Когда я приступал к этому треку, то замышлял сделать что-то легкое, без излишеств, что будут путать или замедлять активность фантазии. Что-то, чему не составит труда зацепиться за слух и память, найдя поддержку в личном опыте слушателя. Отсюда краткость куплетов, незатейливость припева и выбор темы, на почве которой у всех есть масса схожих интуиций с ассоциациями.

Здесь я предлагаю задаться вопросом: какой может быть бесконечность? Как ее представить, выразить и есть ли шанс соотнести ее со звуком? Кажется, бесконечность стремится к абсолютной полноте: к захвату пространства и времени, всей доступной пониманию и наблюдению динамики. Тогда на ум приходит прямая: протяженная, ровная, не отклоняющаяся от своей траектории, проведенная без искажений и колебаний по своей линии. А что насчет мига, мгновения, паузы? Сами по себе эти понятия дробят мир, выцепляя фрагменты. Однако они не похожи на обрывки, в них есть претензия на полноту, возникшую из суммы всего предшествующего и сконцентрированную в состоянии обездвиженности, распространенной на абсолютно все.

Надрывом
Висит над бездной звук.
Красиво
Паузой тянется линия рук.

Пауза в звучании представляется сжатием звука, запретом для физической волны или колебания воздуха быть самими собой. Характер звука в графическом отображении уподобляется линии рук, протянутых друг к другу. Речь идет о прямой, сообщающей об отсутствии звучания в упомянутом звуке. Надрыв, отнесенный к звуку, открывает напряженный, болезненный смысл наступившей тишины, что пытается не быть тишиной. Кроме того, надрыв относится и к рукам, которые разъединены. Их разомкнутость имеет два аспекта. Во-первых, она совпадает с надрывом как интерпретацией паузы, обрывающей звучание, но в сущности причастной звуку. Во-вторых, она символизирует отсутствие и крушение, руки еще находятся в единой плоскости, но зазор между ними уводит вниз, направляя в бездну.
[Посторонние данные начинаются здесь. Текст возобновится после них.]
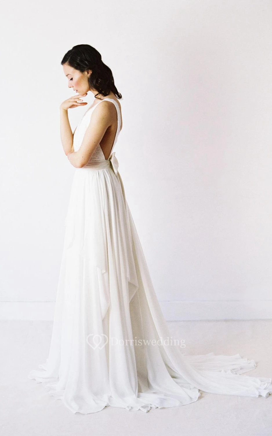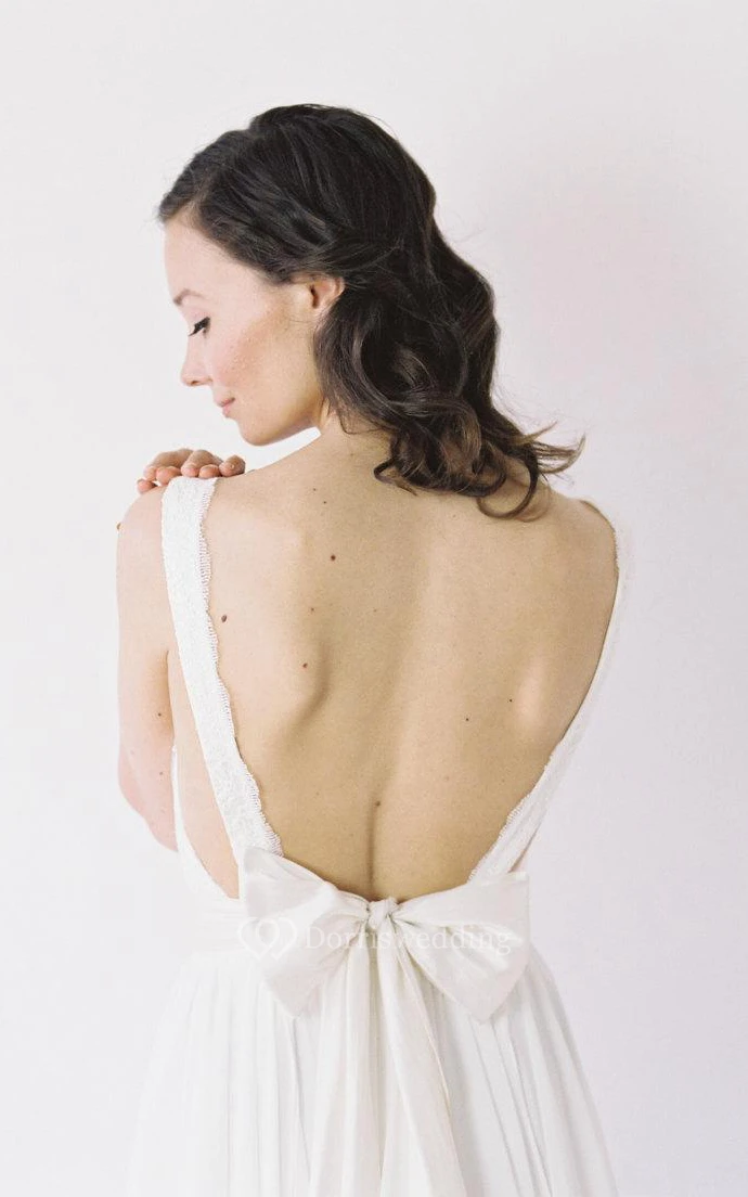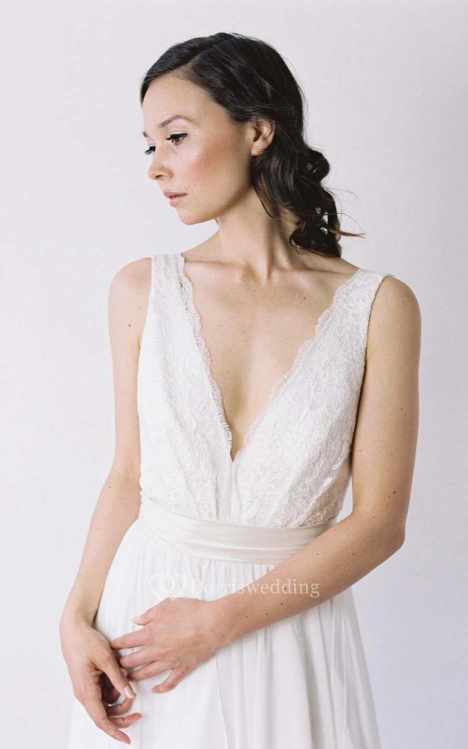 Sleeveless Deep-V Neck Chiffon Dress With Lace Bodice and Pleated Skirt

Так визуальные и содержательные стороны человека и физического явления, звука становятся аналогиями.

Начало песни пытается актуализировать выразительные и подходящие логике композиции клише о любви: ее непознаваемая бесконечность, возвышенность, неосязаемая и вместе с тем поддающаяся причудливому измерению протяженность.

Моя песнь о любви –
Реверанс тому, что не знаем.
В поцелуях отмерять от зари
Путь, устланный ими, к раю.

Главное, что в этих строках отсутствуют привычные по своему предназначению глаголы. Они не задают темп, не помогают представить движение и скорее удачнее обращают нас к задумкам или амбициям, а не настоящему действию: “не знаем” к отсутствию знания, “отмерять” – к технике жизни, принципу присутствия в мире и состоянии, что мы пытаемся рационализировать.

Существительные вроде песни, реверанса, поцелуя, пути несут в себе больше динамики, так как обозначают концептуально завершенные акты. Песнь, которая продумана и может быть исполнена, хотя это единственное, что на самом деле происходит в композиции, ведь она звучит. Реверанс, что есть как движение, как оммаж и служит лишь чертой происходящего, поцелуй, известный всем как поступок людей, объединяющий их и неизбежно завершающийся. Путь, ведущий и направляющий, принимающий скорее форму отрезка из-за начала и конца, как минимум связанного с проходящим его человеком.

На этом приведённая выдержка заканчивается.